(Stored records)
########

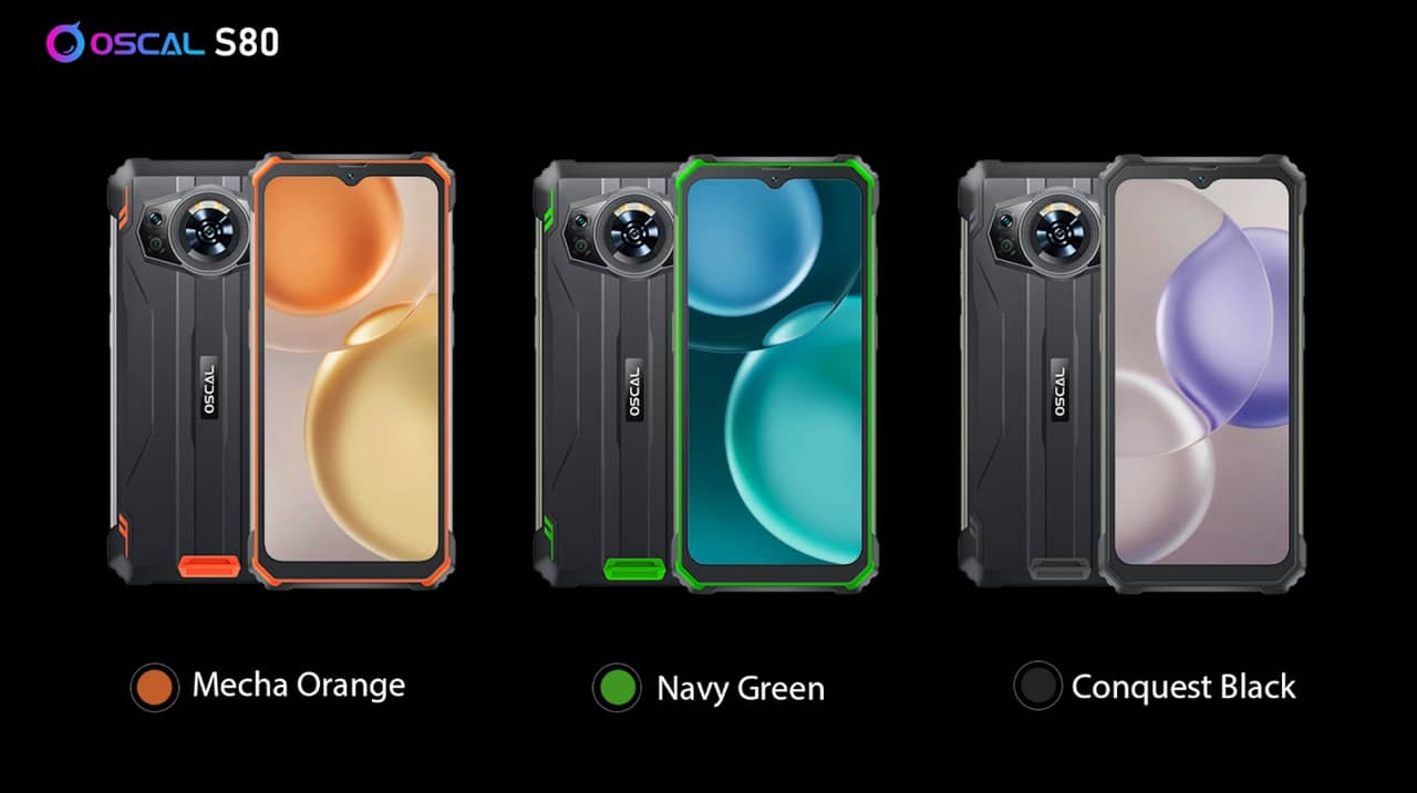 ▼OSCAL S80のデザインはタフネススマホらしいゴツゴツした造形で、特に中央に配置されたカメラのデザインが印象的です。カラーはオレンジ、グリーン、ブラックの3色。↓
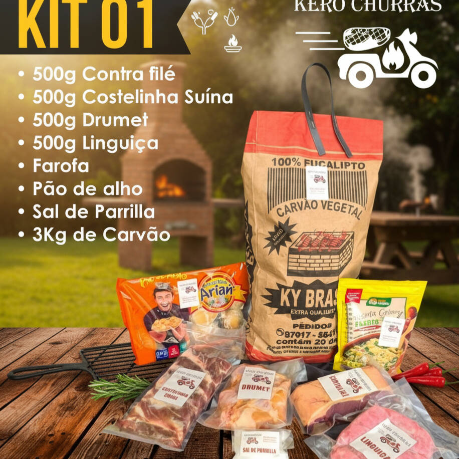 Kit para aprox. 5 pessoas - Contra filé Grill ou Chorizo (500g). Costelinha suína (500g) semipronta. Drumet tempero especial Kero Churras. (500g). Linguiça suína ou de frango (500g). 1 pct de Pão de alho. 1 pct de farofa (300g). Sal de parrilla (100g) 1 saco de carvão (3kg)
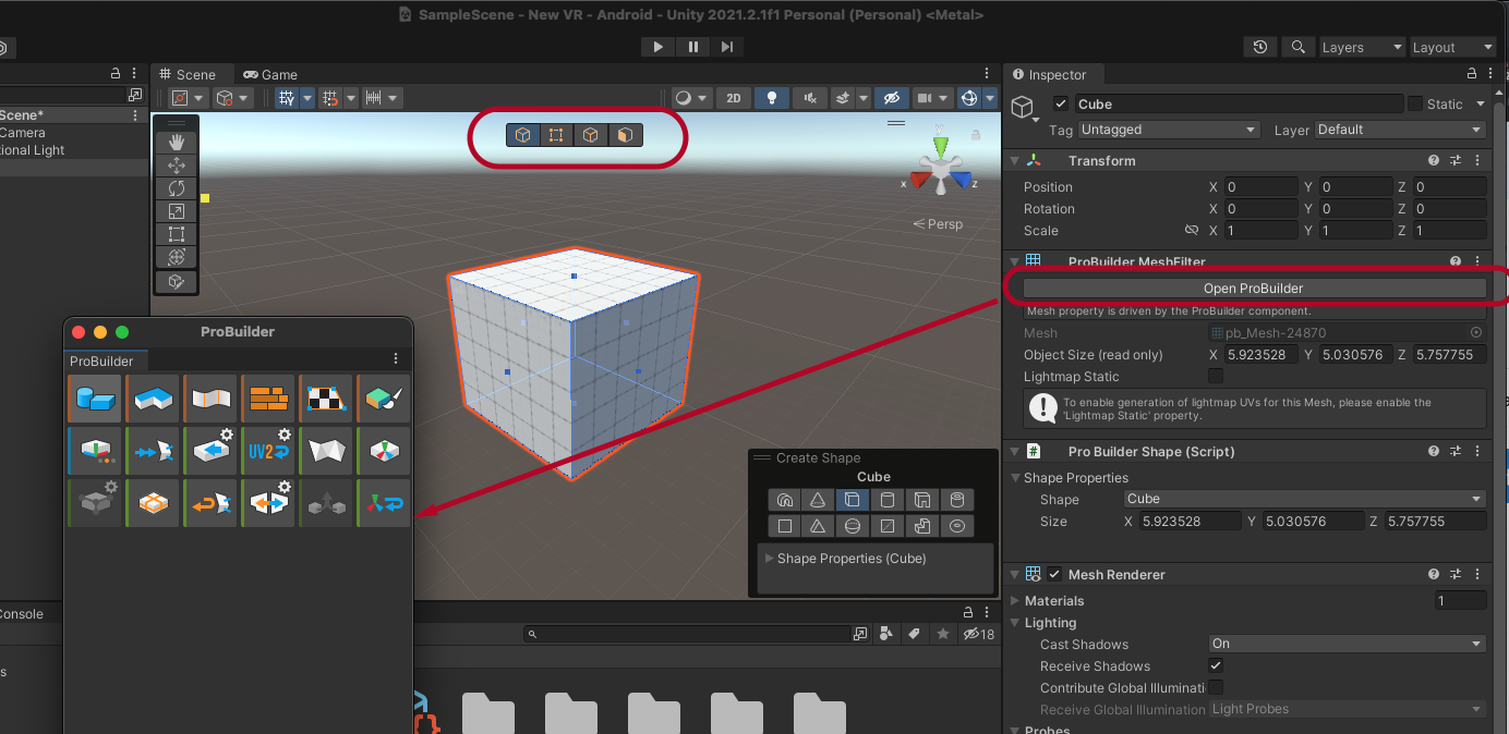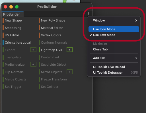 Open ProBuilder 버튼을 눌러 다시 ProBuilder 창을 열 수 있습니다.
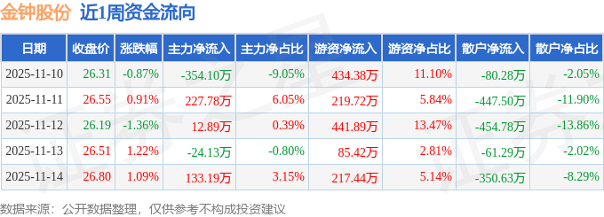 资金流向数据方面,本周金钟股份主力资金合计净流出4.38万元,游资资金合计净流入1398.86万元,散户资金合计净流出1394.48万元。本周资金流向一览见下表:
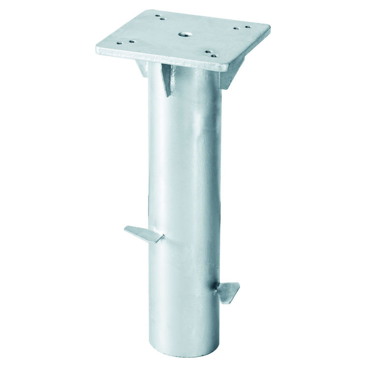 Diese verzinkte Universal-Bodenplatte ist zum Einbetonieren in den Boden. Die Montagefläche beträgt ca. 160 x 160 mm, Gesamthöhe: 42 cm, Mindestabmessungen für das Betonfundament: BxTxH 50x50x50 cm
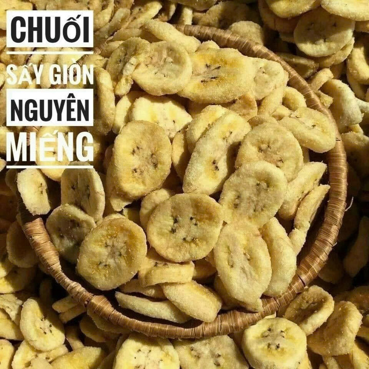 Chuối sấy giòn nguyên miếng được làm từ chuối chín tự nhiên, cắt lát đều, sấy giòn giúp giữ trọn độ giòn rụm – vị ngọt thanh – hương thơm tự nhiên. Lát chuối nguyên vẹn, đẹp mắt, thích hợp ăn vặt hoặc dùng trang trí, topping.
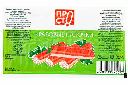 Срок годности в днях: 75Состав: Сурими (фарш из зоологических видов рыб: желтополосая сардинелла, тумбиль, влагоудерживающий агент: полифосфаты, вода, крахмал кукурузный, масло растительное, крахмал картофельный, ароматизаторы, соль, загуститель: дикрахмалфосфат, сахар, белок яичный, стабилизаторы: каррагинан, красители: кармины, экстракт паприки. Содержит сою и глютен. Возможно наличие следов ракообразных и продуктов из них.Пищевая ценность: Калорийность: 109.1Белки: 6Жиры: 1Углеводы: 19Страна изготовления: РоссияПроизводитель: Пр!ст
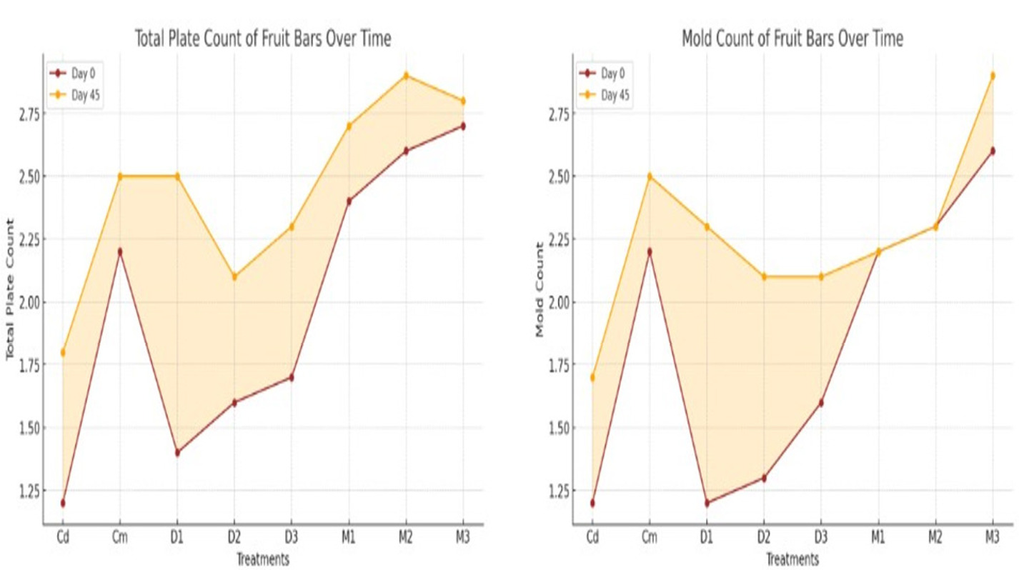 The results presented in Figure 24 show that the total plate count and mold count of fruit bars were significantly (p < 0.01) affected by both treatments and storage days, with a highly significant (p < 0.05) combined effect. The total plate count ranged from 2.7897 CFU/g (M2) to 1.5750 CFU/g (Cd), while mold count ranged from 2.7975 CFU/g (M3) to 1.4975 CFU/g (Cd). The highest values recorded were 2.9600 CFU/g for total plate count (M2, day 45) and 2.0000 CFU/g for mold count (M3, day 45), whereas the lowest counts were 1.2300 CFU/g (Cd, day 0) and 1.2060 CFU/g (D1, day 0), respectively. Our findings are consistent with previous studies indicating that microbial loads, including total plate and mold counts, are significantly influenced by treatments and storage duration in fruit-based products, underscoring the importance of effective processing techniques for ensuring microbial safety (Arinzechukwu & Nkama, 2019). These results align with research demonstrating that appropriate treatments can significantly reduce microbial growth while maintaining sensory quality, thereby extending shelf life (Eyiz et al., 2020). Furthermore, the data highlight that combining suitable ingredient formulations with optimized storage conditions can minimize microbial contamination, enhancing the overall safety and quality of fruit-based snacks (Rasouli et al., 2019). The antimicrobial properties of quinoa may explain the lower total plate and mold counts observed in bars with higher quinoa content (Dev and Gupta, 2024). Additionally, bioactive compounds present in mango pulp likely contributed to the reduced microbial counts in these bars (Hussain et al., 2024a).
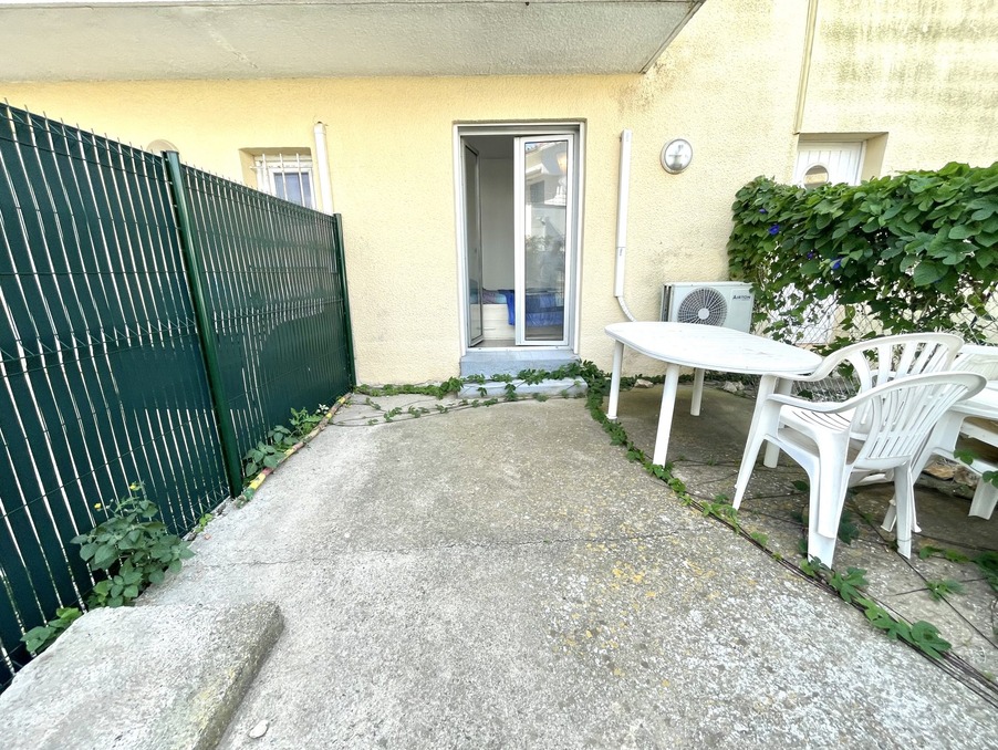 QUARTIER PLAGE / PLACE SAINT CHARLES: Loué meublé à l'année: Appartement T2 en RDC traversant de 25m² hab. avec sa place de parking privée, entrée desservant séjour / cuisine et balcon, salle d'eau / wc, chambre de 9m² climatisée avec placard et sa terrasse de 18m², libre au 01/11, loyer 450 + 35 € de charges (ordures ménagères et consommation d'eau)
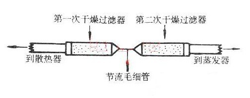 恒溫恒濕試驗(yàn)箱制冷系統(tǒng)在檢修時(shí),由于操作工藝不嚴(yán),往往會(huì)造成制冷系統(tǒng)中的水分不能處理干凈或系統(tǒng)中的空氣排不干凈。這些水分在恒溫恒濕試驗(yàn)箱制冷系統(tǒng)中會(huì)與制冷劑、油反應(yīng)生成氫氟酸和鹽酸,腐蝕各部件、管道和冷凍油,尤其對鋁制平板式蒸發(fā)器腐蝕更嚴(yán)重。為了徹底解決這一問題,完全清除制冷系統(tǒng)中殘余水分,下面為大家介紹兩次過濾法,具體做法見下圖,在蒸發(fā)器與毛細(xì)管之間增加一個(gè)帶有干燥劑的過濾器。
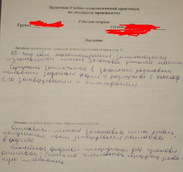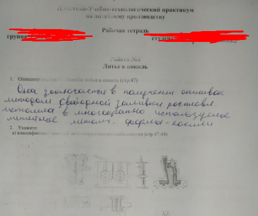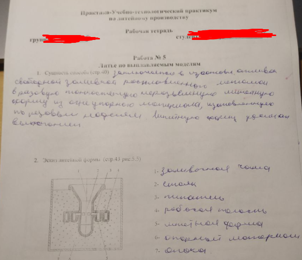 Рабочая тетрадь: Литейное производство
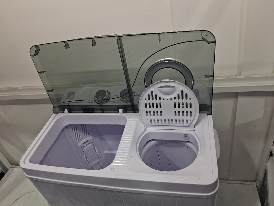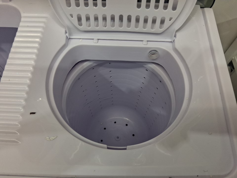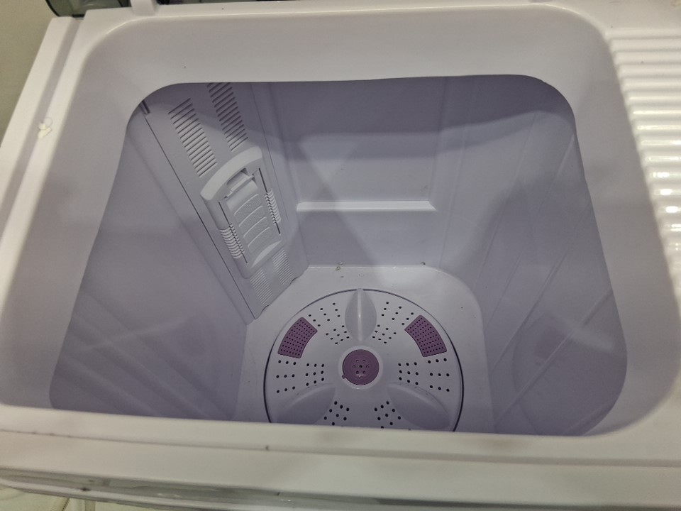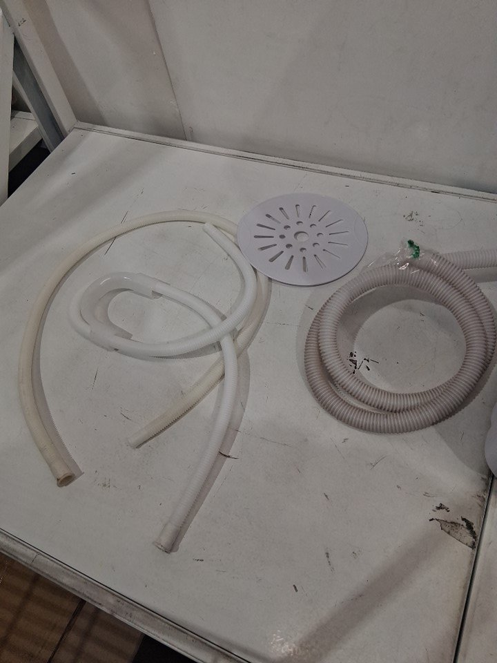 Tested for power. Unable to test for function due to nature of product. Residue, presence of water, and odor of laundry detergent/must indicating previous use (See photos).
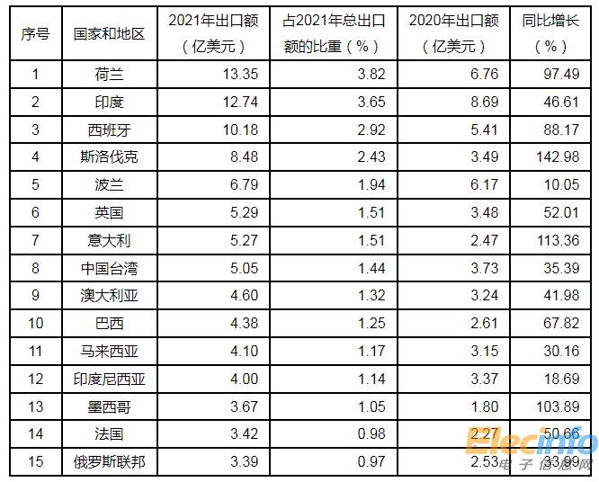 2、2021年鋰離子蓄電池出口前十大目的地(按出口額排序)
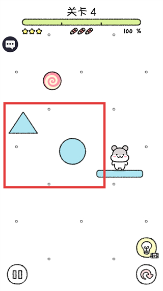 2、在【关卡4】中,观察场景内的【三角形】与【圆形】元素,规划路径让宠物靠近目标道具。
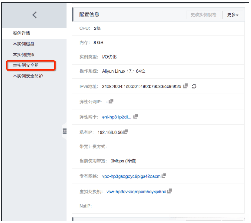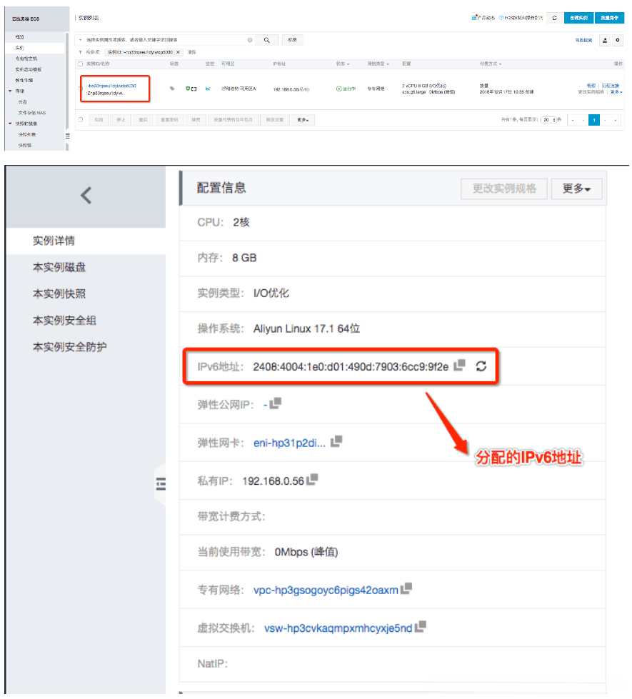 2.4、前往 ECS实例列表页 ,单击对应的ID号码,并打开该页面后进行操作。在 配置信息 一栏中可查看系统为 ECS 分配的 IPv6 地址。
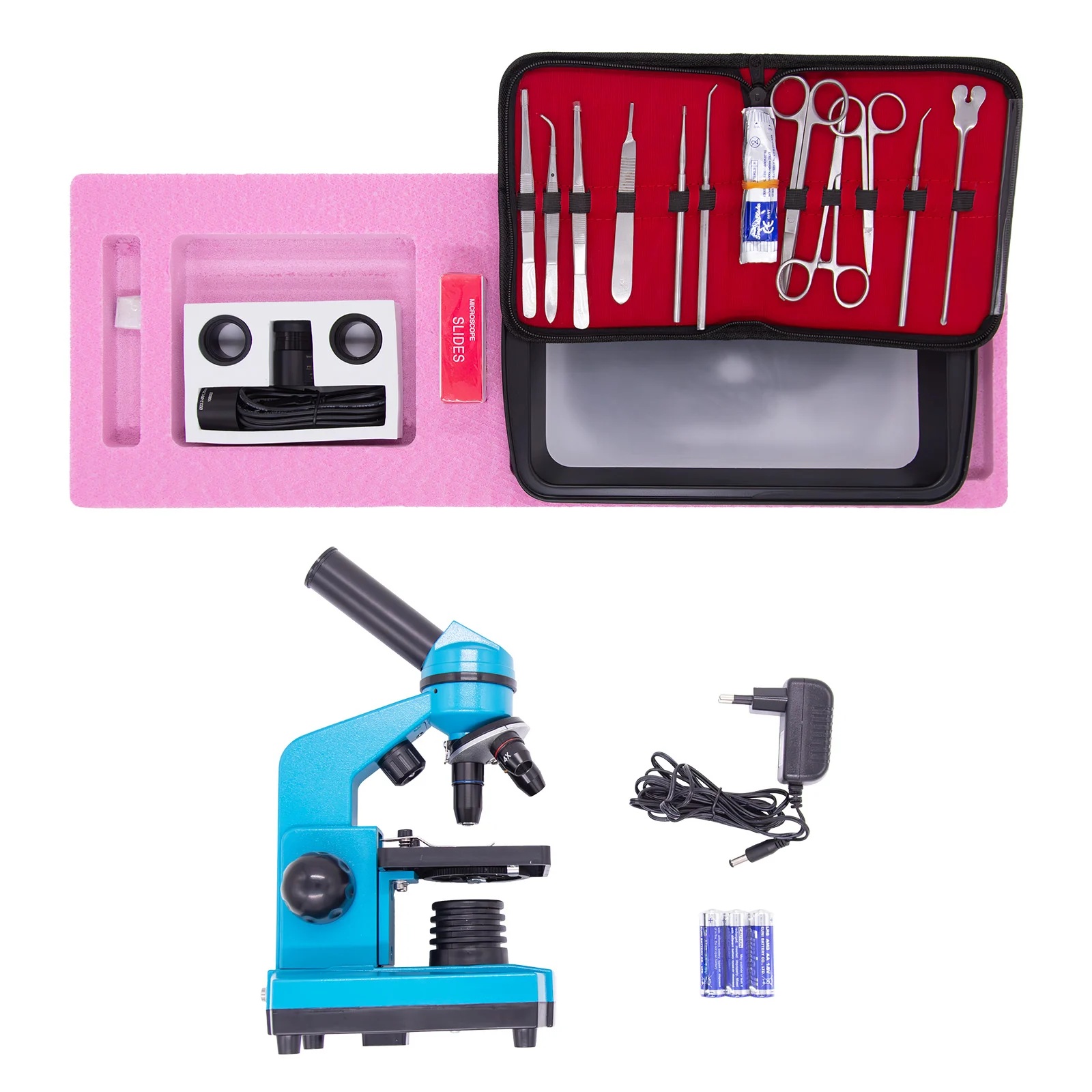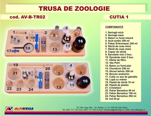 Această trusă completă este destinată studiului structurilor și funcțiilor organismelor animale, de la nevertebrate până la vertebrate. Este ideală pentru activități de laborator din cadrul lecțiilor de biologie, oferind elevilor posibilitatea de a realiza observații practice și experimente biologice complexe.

########

Leaving out each picture, repeat exactly the lines above from the one that contains "QUARTIER PLAGE /" through the one that contains "2.4、前往 ECS实例列表页 ,单击对应的ID号码,并打开该页面后进行操作。在".

(Solution)
 QUARTIER PLAGE / PLACE SAINT CHARLES: Loué meublé à l'année: Appartement T2 en RDC traversant de 25m² hab. avec sa place de parking privée, entrée desservant séjour / cuisine et balcon, salle d'eau / wc, chambre de 9m² climatisée avec placard et sa terrasse de 18m², libre au 01/11, loyer 450 + 35 € de charges (ordures ménagères et consommation d'eau)
 恒溫恒濕試驗(yàn)箱制冷系統(tǒng)在檢修時(shí),由于操作工藝不嚴(yán),往往會(huì)造成制冷系統(tǒng)中的水分不能處理干凈或系統(tǒng)中的空氣排不干凈。這些水分在恒溫恒濕試驗(yàn)箱制冷系統(tǒng)中會(huì)與制冷劑、油反應(yīng)生成氫氟酸和鹽酸,腐蝕各部件、管道和冷凍油,尤其對鋁制平板式蒸發(fā)器腐蝕更嚴(yán)重。為了徹底解決這一問題,完全清除制冷系統(tǒng)中殘余水分,下面為大家介紹兩次過濾法,具體做法見下圖,在蒸發(fā)器與毛細(xì)管之間增加一個(gè)帶有干燥劑的過濾器。
 Рабочая тетрадь: Литейное производство
 Tested for power. Unable to test for function due to nature of product. Residue, presence of water, and odor of laundry detergent/must indicating previous use (See photos).
 2、2021年鋰離子蓄電池出口前十大目的地(按出口額排序)
 2、在【关卡4】中,观察场景内的【三角形】与【圆形】元素,规划路径让宠物靠近目标道具。
 2.4、前往 ECS实例列表页 ,单击对应的ID号码,并打开该页面后进行操作。在 配置信息 一栏中可查看系统为 ECS 分配的 IPv6 地址。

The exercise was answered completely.